Leland remembered that he had an arms cache on the roof — Skeezix's automatic rifle and his kit bag of ammunition. Sure, altogether, almost one hundred and thirty rounds. In the right position, it was enough to hold them off indefinitely.
He hurried out onto the fortieth floor, using the wall for support. The latch clicked audibly when he released the knob. He had to hurry. He couldn't be sure that the other person would understand the sound or accept it for what it was, instead of a trap. He had another advantage: he knew the route around to the roof staircase. They had shot up this area, too. He had to be ready. He had come this far. He wanted to go the rest of the way. He had made a hell of a contribution already. When the sun came up, the world would see that they weren't as clever, or invincible, as they were trying to tell themselves and anyone who would listen. One human being had stood up to them. That's all it took. That's what they always said. He was one human being, and everything was different because of him.
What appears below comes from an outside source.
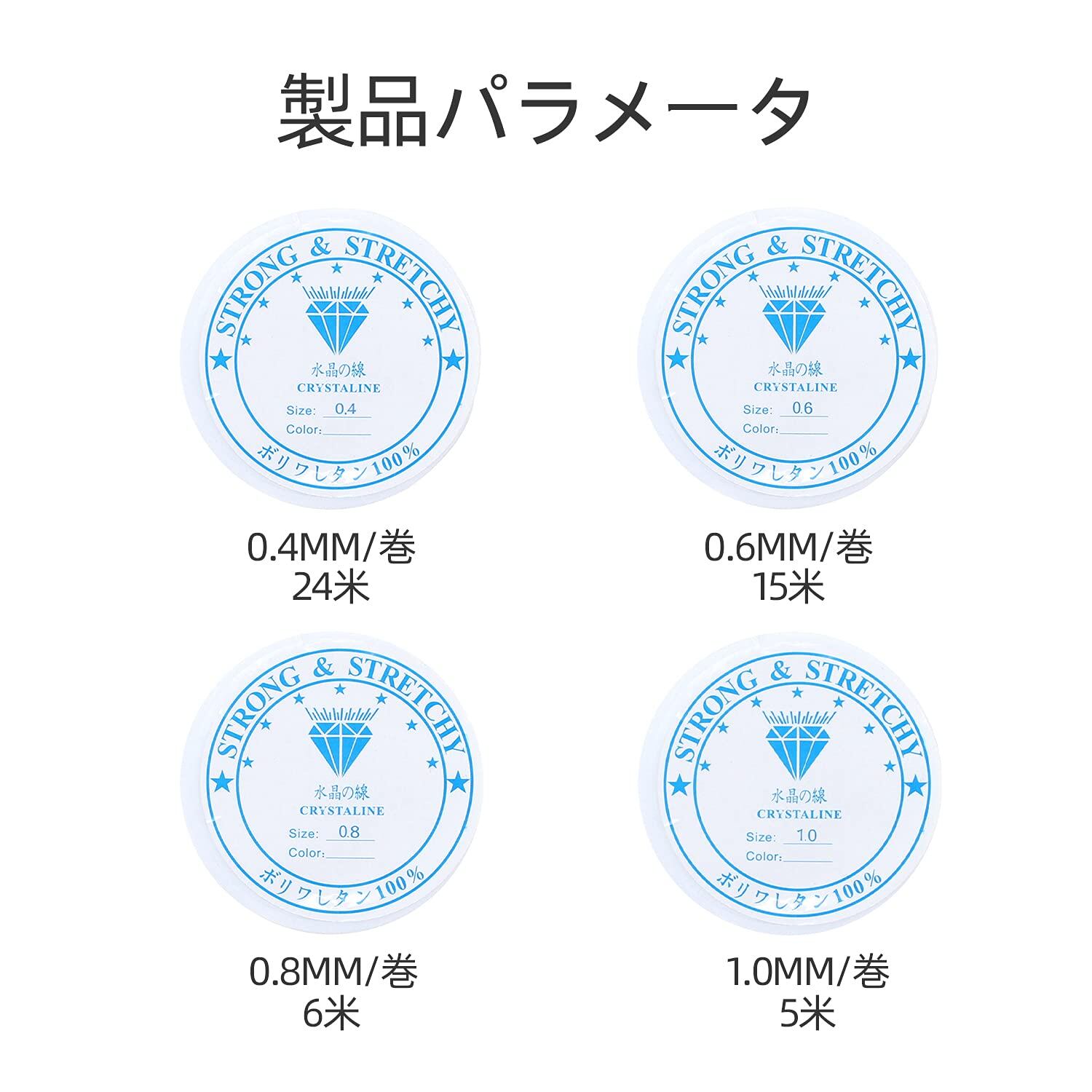 RICISUNG シリコンゴム ブレスレット用 (4個) 透ゴム 0.4mm、0.6mm、0.8mm、1mmサイズ 水晶の線 天然石 パワーストーン用

The staircase door slammed behind him. He had to run — he started skipping, lost his balance, and fell against a desk. Somebody squeezed off single shots, and he could hear glass breaking. Returning the fire would only give away his position. How many more offices did he have to go through before he reached the hall to the staircase? Two, three? Now two.
From very far below came the sound of more gunfire, the heavy automatic weapons of the gang. Good! The lights of the hall were on, but he had to take the chance. As he headed down the hall, he heard a girl giggling behind him. He stopped.
"Drop the gun, please."
"Now turn around."
It was a little blonde girl in fatigues too big for her, holding an automatic with both hands. Her eyes widened when she saw the badge. "You are a policeman? Where are the detonators? Quick, tell me."
"On the roof."
"Ah, yes, I see. With two fingers only, please, remove the pistol."
He held it out for her. She dropped it in her kit bag. "Now tell me where on the roof."
"You have to go around to the right. There's a staircase up to the elevator tower and an aluminum box opposite..."
She waggled the pistol. "Show me."
He opened the door. She stayed behind him as they went up the stairs. All but a few of the fluorescent bulbs were gone. Mistake number one. He didn't know what the hell he was going to do when they got to Skeezix's gun. She was being too careful. He wasn't going to get anywhere near it.
"This is really too bad," she said. "You seemed to enjoy killing so much. But you are really only a trained dog. You destroy the building in order to save it."
"Honey, I don't give a flying fuck about the building." He was at the top of the stairs. "I have to open the door."
"Just a moment." He heard the click of her radio switch. She spoke at some length in German. Little Tony answered and then she said, "Nein, nein," like a woman telling a man she didn't need his help. Leland was beginning to think of something else. "Now open the door," she said.
The wind was stronger than ever, a warm, roiling gale out of the hills. The sky was clear in all directions.
"You didn't ask me why I didn't care about the building."
"Are you trying to tell me something, old man? Go on, keep moving."
"You people aren't thinking. Why didn't I just work my way down and out of the building?"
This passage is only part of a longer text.